The fig’s best known human purpose though is as the ultimate laxative. Since time immemorial the bunged-up, the sclerotic and the irregular have reluctantly swallowed a ghastly gulp of syrup of figs – and very soon had cause to be grateful for the juice’s infallible ability to shift intransigent and impacted waste material lodged in the lower bowel (or, to use a colloquial figure of speech, shed some ballast). Don’t fight it: a spoonful of syrup helps the midden dung go down. I hasten to add that I only know this second-hand; being a highly advanced alien (planet Ztsolæ in the Xacriqo galaxy), I’ve evolved beyond such crude physiological determinism and jettison what little detritus I generate via my nose: tiny, hard, caper-like drupes that can easily be scattered like rose-petals as I proceed along my primrose path.
If the fig were a footballer it would be Luis Figo, the retired Portuguese midfielder: stylish, flashy and able to unlock the stubbornest defence. If the fig were a piece of music it would be The Marriage of Figaro, comical and fulfilling in a minor key. If the fig were a writer it would be Eva Figes (1932-2012), radical, adult and challenging.
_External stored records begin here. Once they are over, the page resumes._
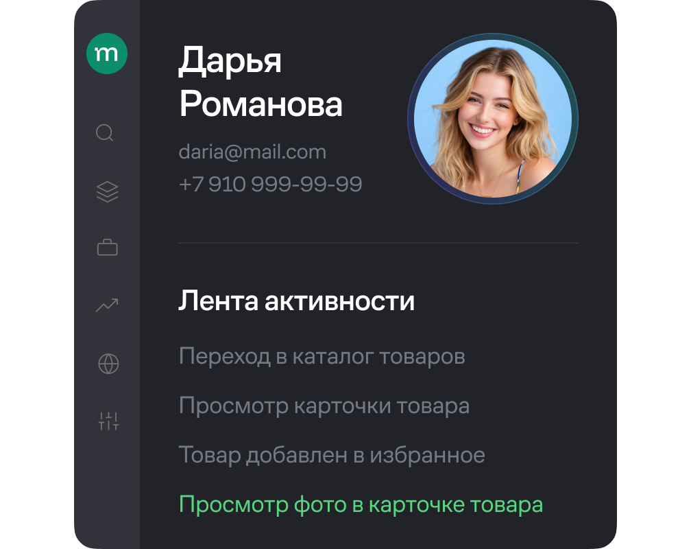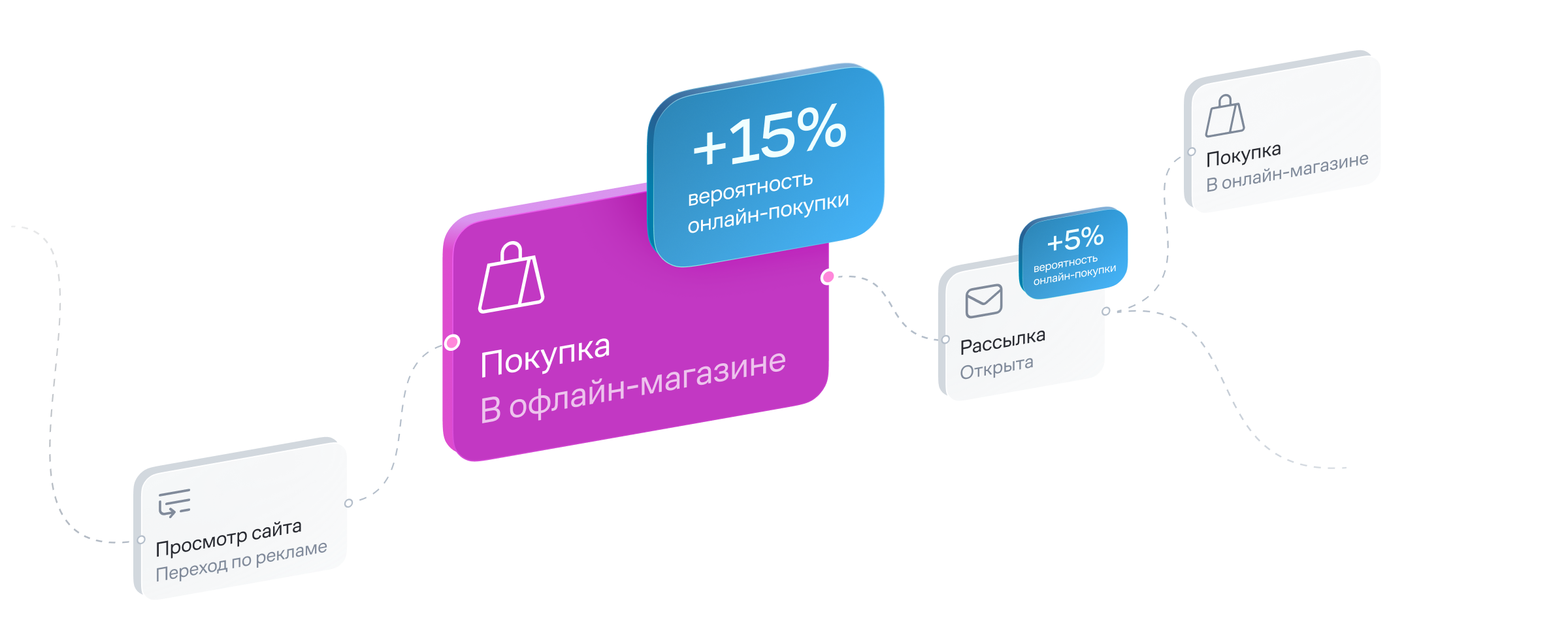 Собирайте данные о клиенте из онлайна и офлайна в единый профиль в CPD, чтобы точнее определять вероятность покупки.
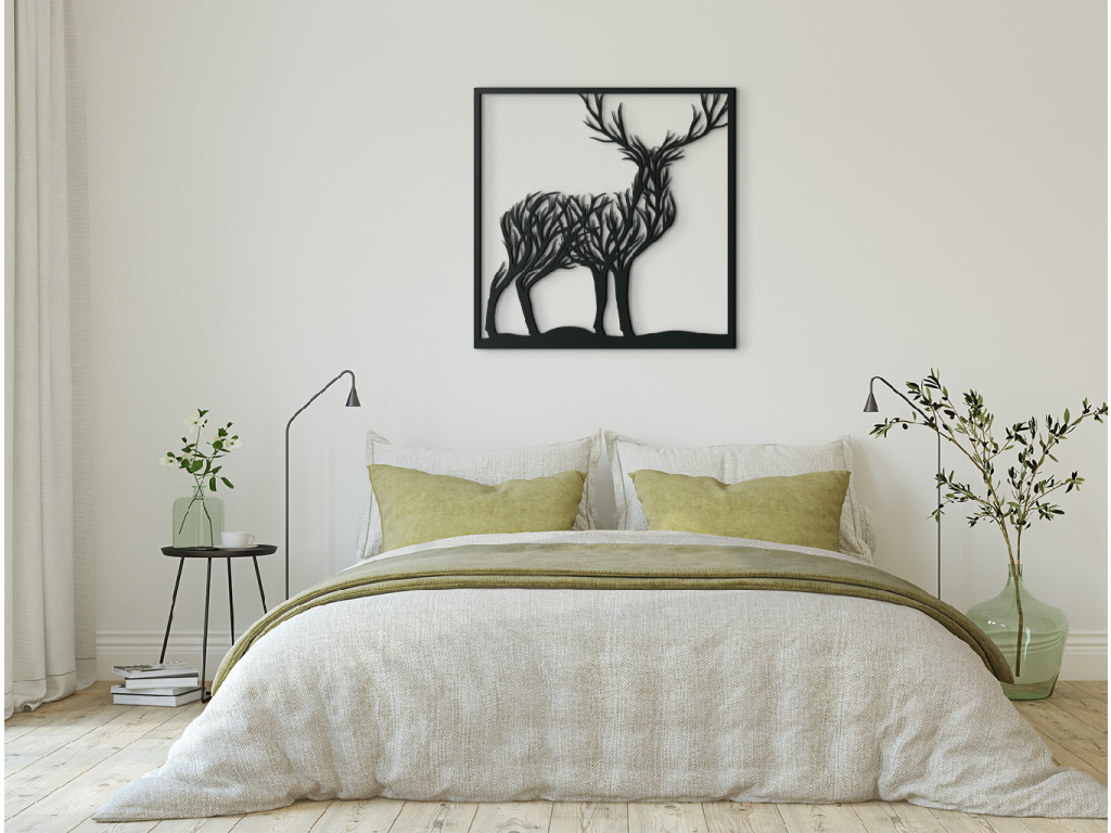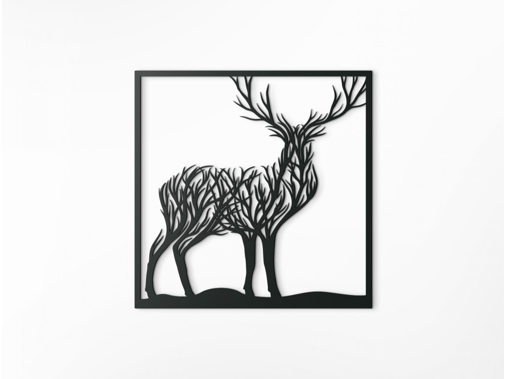 Drevený obraz Jeleň a stromy je skvelým doplnkom do moderných aj klasických interiérov. Rovnako je tiež výborným darčekom pre poľovníkov či milovníkov lesnej zveri. Znázorňuje siluetu jeleňa s nádherne rozvetvenými parohami, ktorá je sformovaná z korún a konárov stromov.
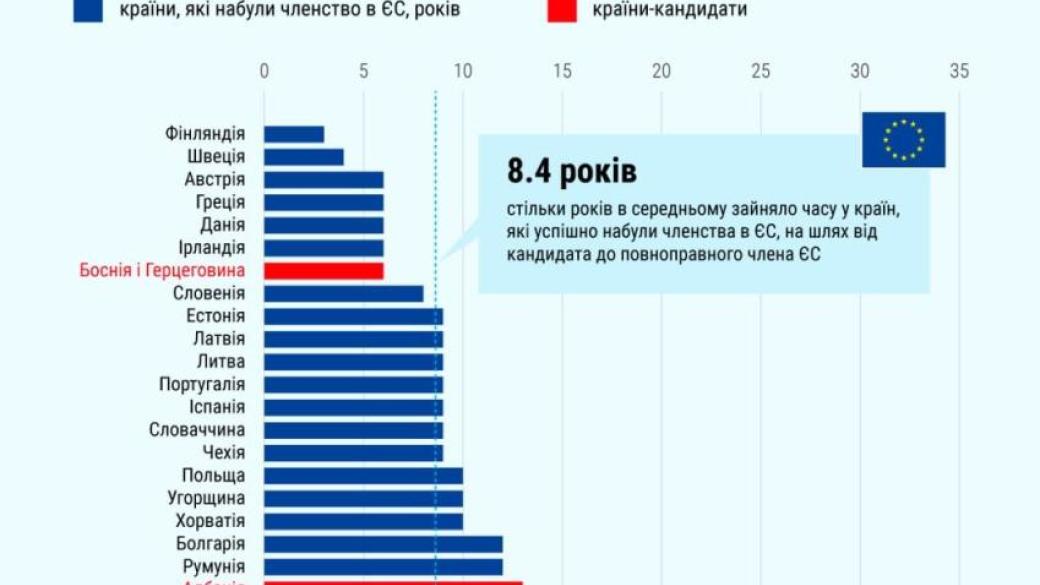 Как заявил еврокомиссар по вопросам расширения и политики соседства Оливер Вархели, подготовка к вступлению Украины в Евросоюз займёт "больше года или двух"
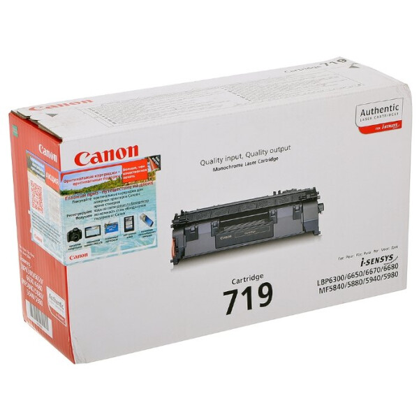 Картридж лазерный Canon 719 черного цвета оснащен чипом и разработан для моделей принтеров Canon i-SENSYS MF5840, Canon i-SENSYS MF5880, Canon i-SENSYS LBP6300dn, Canon i-SENSYS LBP6650, Canon i-SENSYS LBP6670, Canon i-SENSYS LBP6680, Canon i-SENSYS MF5940, Canon i-SENSYS MF5980.

If the fig were a weather system it would be fog, moist, macabre and mysterious. If the fig were a decorative domestic ornament it would be a porcelain figurine, to be handled with care lest you drop one. I’m a fig fan.
This will be my last summer of gardening work. I’m getting far too old. My poor feet: I soak them for hours in a bowl of warm water infused with lavender oil, but they still look like two bruised, cracked, swollen, veiny pieces of rotting carrion. Why am I bothering, especially as my total net income after decades on the yard broom has been approximately £0.00p? It’s enough of a task to vigilantly configure my own plot of jungle. It’s time to cease ruining, I mean reviving, the mixed borders of Rumney widows. It’s time to change. And before long, the years of futile toil will fade from memory and come to seem like they were all just a figment of my imagination.